Sunday, April 01, 2007

Albeit

Here's a phrase that could have come from any 'literary' novel:

The house was warm and comfortably furnished, albeit in a style several decades out of date.*

See? It's my belief that this type of 'literary' writing is just filler. Back in the day of Dickens, novelists were paid by the word, not by the story. So for awhile using more words was more important than the story line. And if you've ever read any John Irving, you'll know what I mean.

Here's another thing about the phrase I isolated: it's for women. If you asked any 'normal' American man what this decade's furnishing look like, compared to 'several decades ago, he'd ignore the question and look over your shoulder at the Denny's commercial on TV. Furnishings are not what men EVER spend any time thinking about, assuming that you're not including the electronic contents of his media room.

Furnishing are where men move pillows and throws so they can sit down.

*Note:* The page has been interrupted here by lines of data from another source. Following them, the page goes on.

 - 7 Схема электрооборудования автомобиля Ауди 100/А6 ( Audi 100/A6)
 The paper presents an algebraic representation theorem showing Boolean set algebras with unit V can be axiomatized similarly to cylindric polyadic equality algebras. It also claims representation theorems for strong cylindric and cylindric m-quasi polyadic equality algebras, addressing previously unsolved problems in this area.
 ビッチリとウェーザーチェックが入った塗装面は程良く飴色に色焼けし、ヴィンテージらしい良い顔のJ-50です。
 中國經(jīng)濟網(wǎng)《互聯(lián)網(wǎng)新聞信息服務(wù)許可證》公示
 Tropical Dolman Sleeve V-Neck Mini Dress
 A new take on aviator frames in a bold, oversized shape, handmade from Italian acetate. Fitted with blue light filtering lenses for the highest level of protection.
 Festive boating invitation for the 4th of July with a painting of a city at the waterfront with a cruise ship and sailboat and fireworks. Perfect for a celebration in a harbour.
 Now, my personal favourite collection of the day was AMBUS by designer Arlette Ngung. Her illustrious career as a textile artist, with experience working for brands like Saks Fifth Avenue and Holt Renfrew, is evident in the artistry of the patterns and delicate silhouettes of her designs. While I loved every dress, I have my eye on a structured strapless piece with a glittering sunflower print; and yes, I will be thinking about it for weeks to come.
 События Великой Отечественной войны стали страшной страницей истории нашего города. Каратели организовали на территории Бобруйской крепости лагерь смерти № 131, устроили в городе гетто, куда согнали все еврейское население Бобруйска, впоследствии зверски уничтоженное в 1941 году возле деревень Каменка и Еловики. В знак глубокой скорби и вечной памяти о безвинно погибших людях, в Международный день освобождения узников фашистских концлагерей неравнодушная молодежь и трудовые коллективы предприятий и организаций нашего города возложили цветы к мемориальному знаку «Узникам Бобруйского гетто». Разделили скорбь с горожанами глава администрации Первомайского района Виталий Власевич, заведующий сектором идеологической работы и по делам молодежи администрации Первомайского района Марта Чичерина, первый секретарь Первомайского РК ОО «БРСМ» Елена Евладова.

Men sit on furnishings. The best furnishings either tilt back or you can put your feet up on them. That's pretty much all men know about furnishings.

Any surface upon a human will comfortably rest his/her butt is generally parallel to the ground, or to be more particular, at right angles to the pull of gravity, and b e positioned close to the height of the knee. That's it. That's furnishings.

Now my wife... Our old neighbor died. We'd never been in her home, what with her paranoia. The house finally sold and about a month after the new neighbors moved in, my wife finally got a look inside. 14 years we lived next door and this was her first look. She came back to tell me that she felt so sorry for the new neighbors, with everything about the house being so OLD!

I asked her if the door worked. She said yes. I asked if they had cabinets and plumbing, and did everything work. She said yes. So then I launched into a soliloquy about 'fashion' v. 'utility' and how being a slave to the first often came at the loss to the second. You already know she didn't hear a word I said. But it doesn't take away from the point I'm making: the business of business is making money and changing 'styles' is all part of it. Compare the changes in computers over the past 15 years. Now those are changes worth paying for. But if you've got a sofa, and you've either trained the cat or de-clawed it, that sofa should last you a life time. How can any intelligent person talk about changes in furnishing styles?! If your butt feels good in a chair, why would you spend money on a different style chair?

Thank you.

And albeit is a perfectly wonderful word that no one teaches anymore!



* Sight Unseen by Robert Goddard

3 comments:

T said...

So you're not letting your wife re-decorate anytime soon or in this century... -unless she tells you she is.

Mary Lois said...

Where I live, the older the house the more treasured. Furnishings too. Of course, I live in my mind.

paperback reader said...

The closest I have ever come to caring about furnishings entails purchasing the third cheapest item of its kind at IKEA at the behest of a girlfriend. When I learned that kitchen tables are typically upwards of $500, I decided that my free lap could hold a plate just as well. Lastly, instead of purchasing an expensive towel rack, I used what the apartment came with: a floor.